Where the records below begin, start copying, and stop after the line that contains "Lion top clear"; reproduce every line exactly but omit pictures.

• Records supplied
++++++

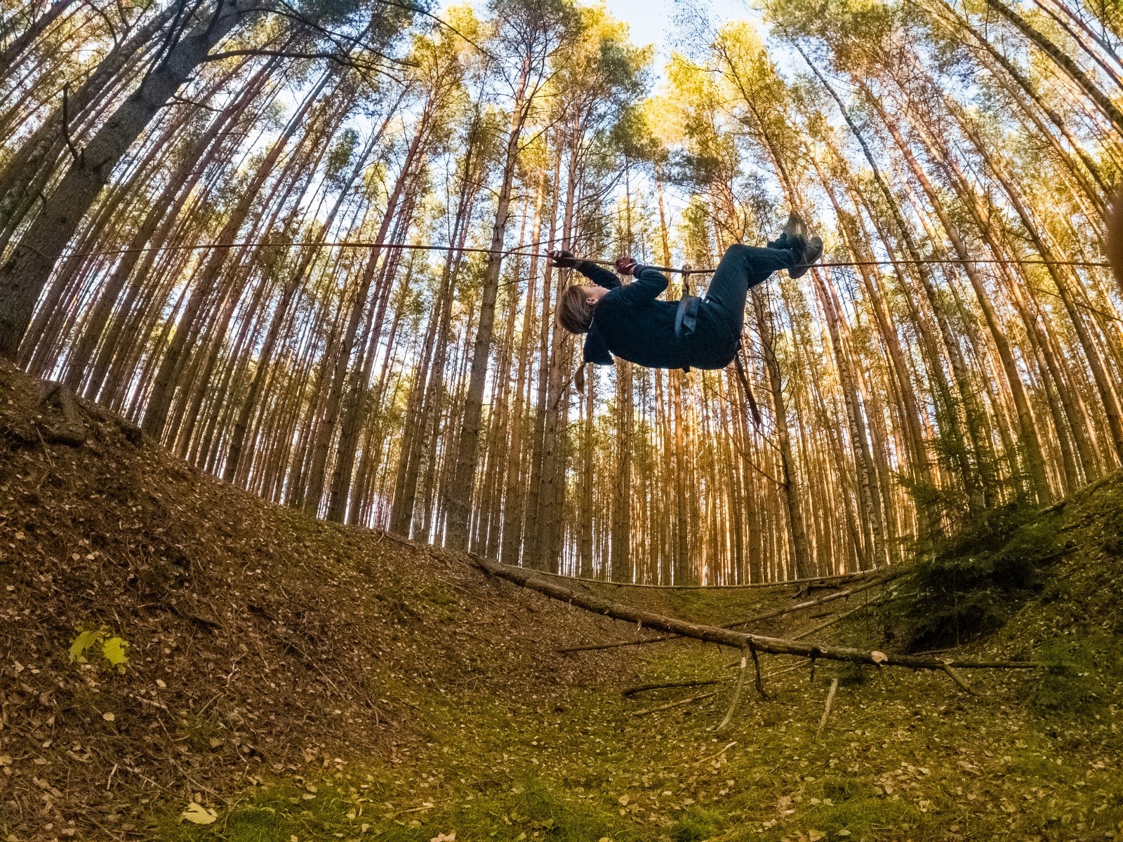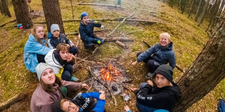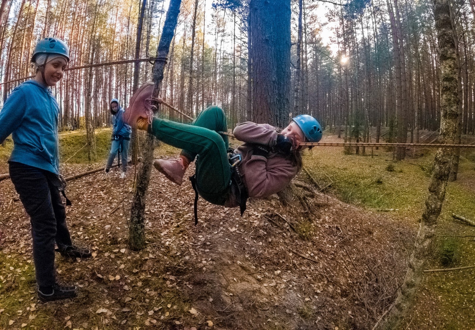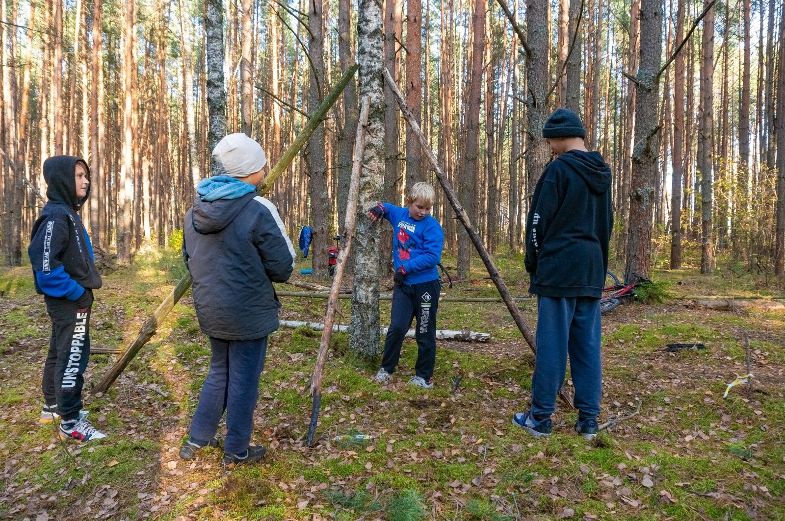 На занятии ребята практиковались в прохождении вело-трассы кросс-кантри, где учились преодолевать типичные для пересеченной местности препятствия: спуски, подъемы, песчаные участки и т. д. А также проходили навесную переправу, на этот раз она была натянута повыше, и залезть на нее было не просто. В завершении занятия было устроено традиционное лесное чаепитие.
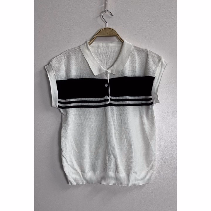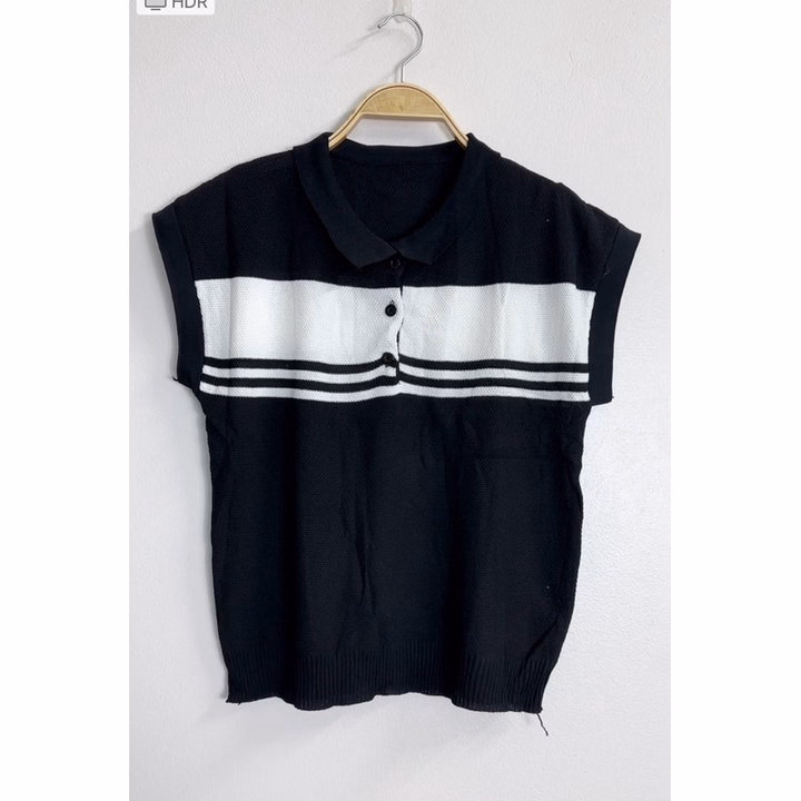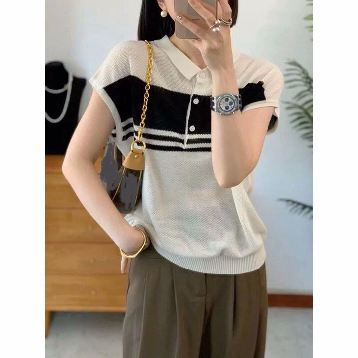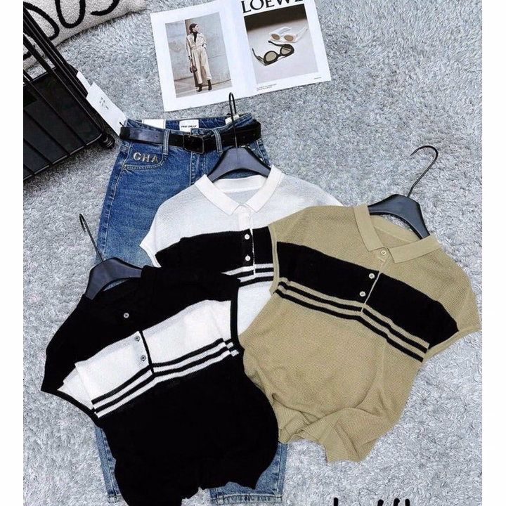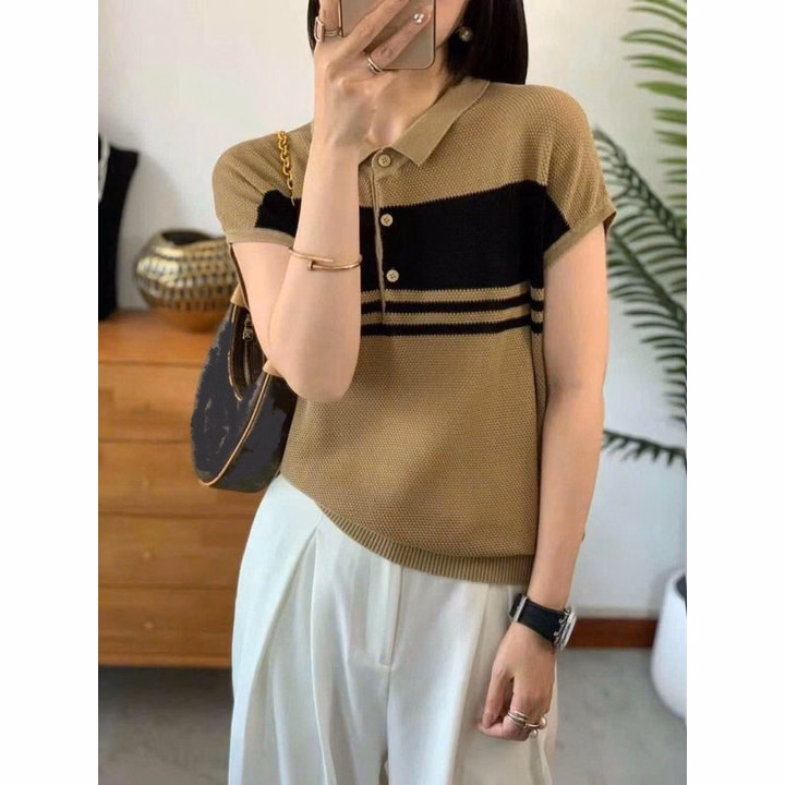 Áo Thun Dệt Kim Tay Hến, Kiểu Cổ Sen Phối Họa Tiết Sọc Kẻ To Dành Cho Bạn Nữ – Chipxinhxk
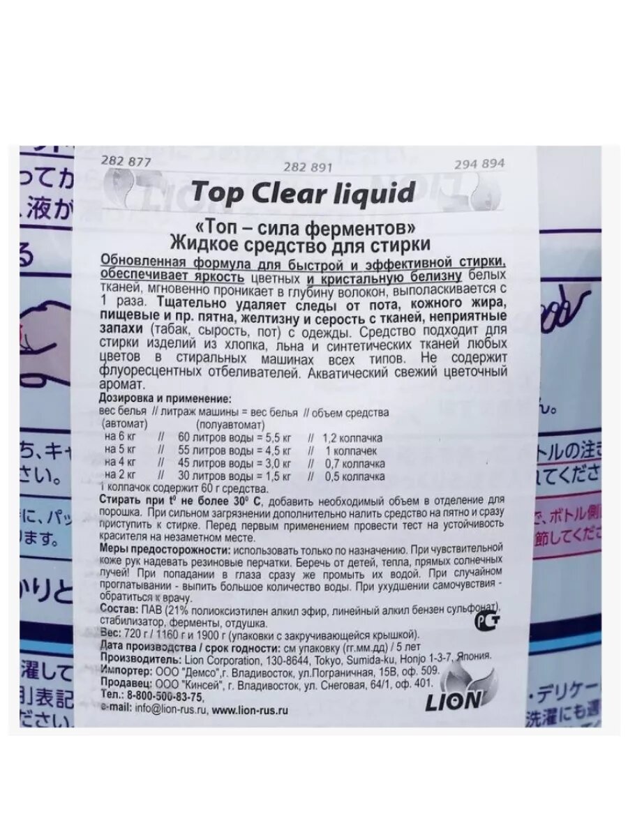 Lion top clear liquid жидкое средство для стирки белья, сила ферментов, 900 мл
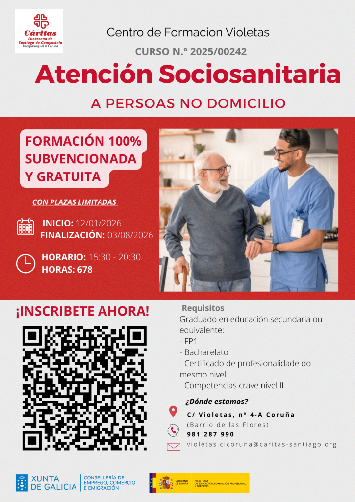 Inscripción: www.caritascoruna.org o Centro de formación Violetas.
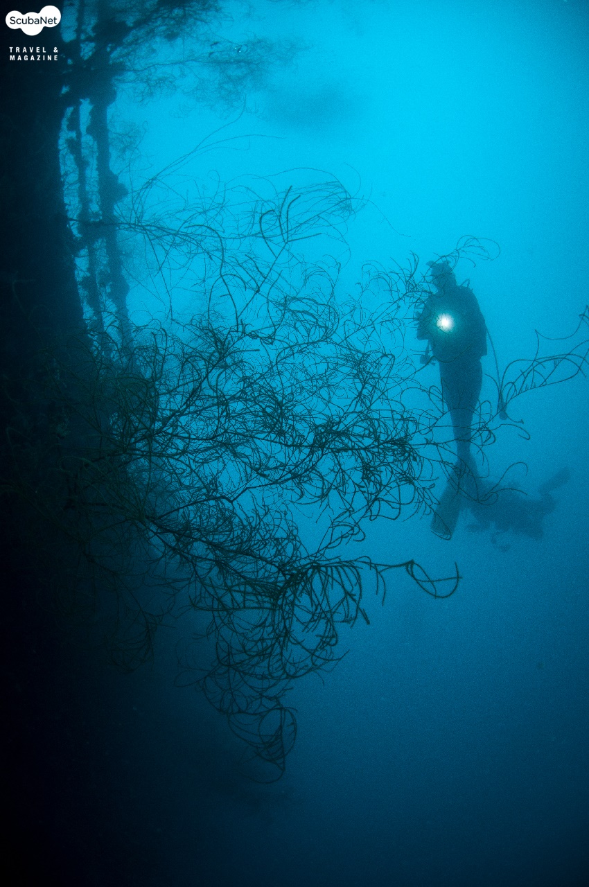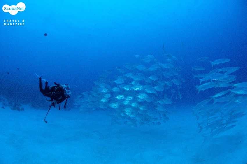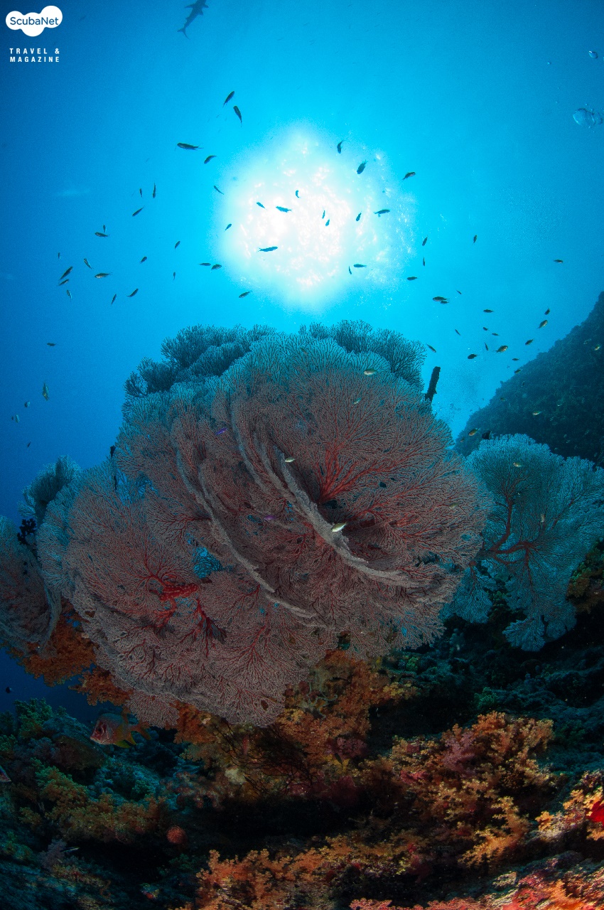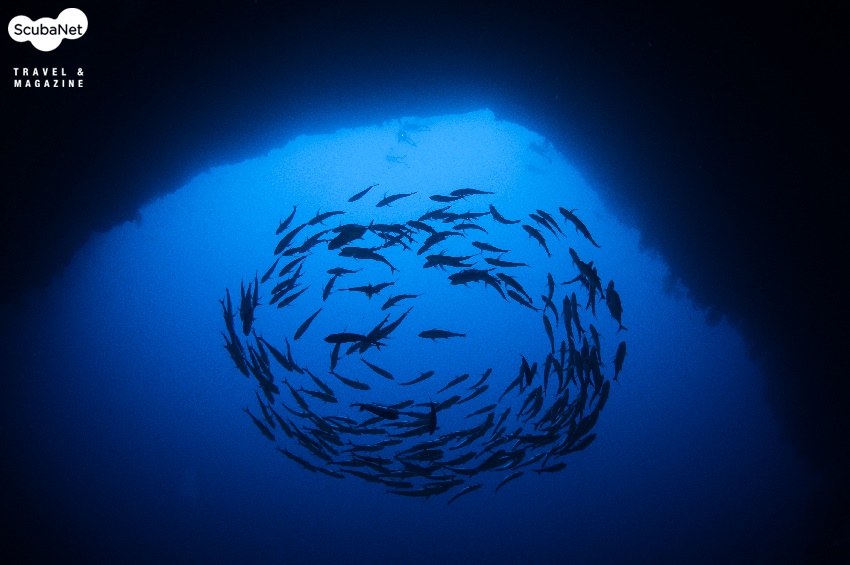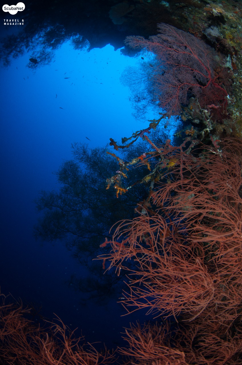 깊은 수심 때문일까, 그로 인해 빛이 적기 때문일까? 시에스 터널에서는 잭피시의 움직임 마저 정적으로 보인다. 터널 안으로 들어가면 두 개의 출구가 눈에 들어오는데 왼쪽 출구가 훨씬 크다. 터널 안에도 부채 산호가 가득하다. 멀리 보이는 터널 입구의 파란 바다와 붉은 부채산호의 강렬한 대비가 너무도 멋지다. 깊은 바다의 진한 물색이 아름다우면서도 그 때문에 머물 수 있는 시간이 짧은 것이 아쉽게 느껴지곤 한다.

++++++

• Written answer
 На занятии ребята практиковались в прохождении вело-трассы кросс-кантри, где учились преодолевать типичные для пересеченной местности препятствия: спуски, подъемы, песчаные участки и т. д. А также проходили навесную переправу, на этот раз она была натянута повыше, и залезть на нее было не просто. В завершении занятия было устроено традиционное лесное чаепитие.
 Áo Thun Dệt Kim Tay Hến, Kiểu Cổ Sen Phối Họa Tiết Sọc Kẻ To Dành Cho Bạn Nữ – Chipxinhxk
 Lion top clear liquid жидкое средство для стирки белья, сила ферментов, 900 мл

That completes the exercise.